その妻と交わしたメッセージを、あろう事か妻は娘にそのまま伝えてしまった。

「きもっ!だってさー」

年頃の娘にとって、こんなふざけた父からのメッセージを受け止めれば、そんな拒否反応となるのは明白だったし、妻はなぜ安易にそのまま伝えたのか。

日頃から家族内で冗談混じりのトークは多めだし、こんなメッセージを娘に伝える事についても、妻は深く考えなかったと思う。

職場を後にして、家に帰るのが一気に憂鬱になった。

自宅のドアを開けて、妻と娘が夕食を食べている場面…娘から開口一番で冒頭の暴言を浴びせかけられた。

いつもは軽く受け流すのだが、今日はどうしてもスルー出来なかった。

「それじゃあ、ママと行きなさい。気持ち悪いパパと行くのは不本意なんだろう。」

その瞬間、2人の表情が凍りついて、食卓の空気が変わってしまった。

それもそうだろう、普段の自分ならば、こうして怒りをぶつける事はしないし、ふてくされる事もない。

妻は「何ふてくされてるのさ…」とボソッと言う。

そんな言葉にもムッとして、今日、娘のために考えていたことを吐露した。

すると妻は立て続けに、「いつもならスルーできるのに、娘に対して怒っているのはパパの問題じゃん。」とまくし立てる。

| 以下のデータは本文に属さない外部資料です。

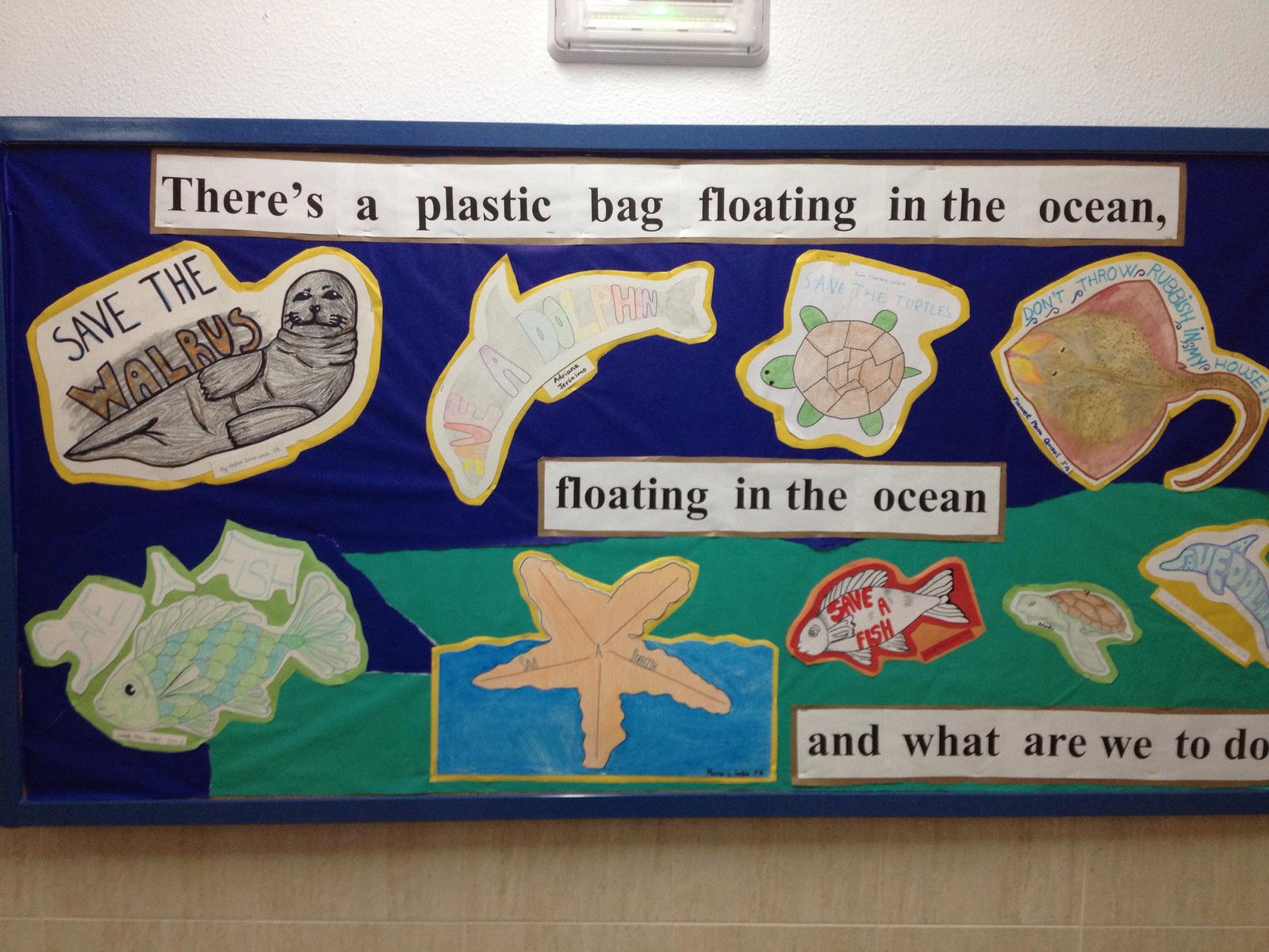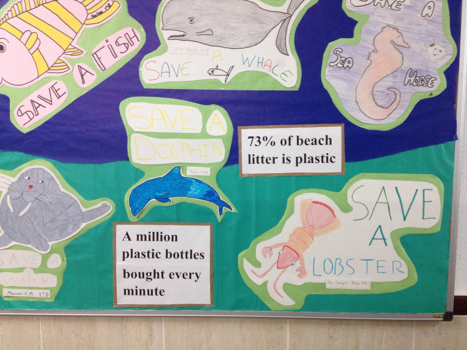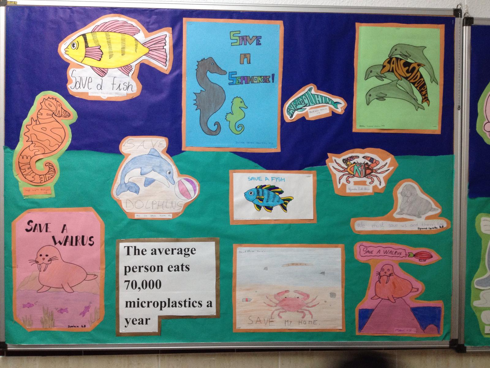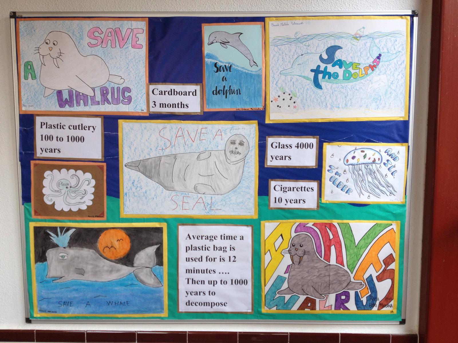 The students made a few posters on the issue of saving the environment. These posters have been placed throughout the school hallways, for everyone to view. Action towards saving the environment can start anywhere. For example making others aware on the issue through posters is the first step towards saving our environment. The students can walk through the hallways with a sense of pride, knowing that they have done a small part with helping clean our world. From this project we have observed a sense of some ot the students talents through their individual artwork. They haven't only drawn some fish. They have also learnt and sung a song called “There is a Plastic Bag Floating in the Ocean” which they have enjoyed singing.

その時、自分が勝手に盛り上がっていて、それが裏切られた事で、怒りに繋がったのは明白で、その主張には納得し、感情的になったことを謝った。

けれど、妻とのメッセージを娘に伝えたのは納得出来ないし、たとえ思春期であっても、この類の暴言はやっぱり許せない。

娘は日常的に妻に対して太っていることを揶揄したり、妻や娘は髪が薄く見える部分を指差してはハゲだと揶揄することがある。
ちょっとした家族内の悪ふざけなのだが、自分もムッとする時もあるし、妻も内心傷ついている。
無論、身体的な特徴を引き合いに、相手を馬鹿にするのは良くない。
家族だからといって許されるものではなく、注意したり、反省しないとならない。

そして、今日の言葉の一件もそれらと同じであると妻は主張したのだが、それには異を唱えたい。
同じ暴言ではあるけれど、気持ち悪いという表現には、相手の存在すら否定し、相手への嫌悪感を直接伝える言葉だからだ。

娘は、この言葉の性質を深く考えて言っている訳では無いし、衝動的かつ口癖のようになっているに過ぎないと思う。
けれど、この軽薄な言葉の本質を理解して欲しいと切に思った。

とにかく、そんな稚拙な会話が横行している我が家は、家の主人である自分が招いた結果だと自覚しなくちゃならない。

年の瀬を迎えている今日、来年の抱負は、口は災いの元であり、親しき家族にも礼儀あり、に決まりです。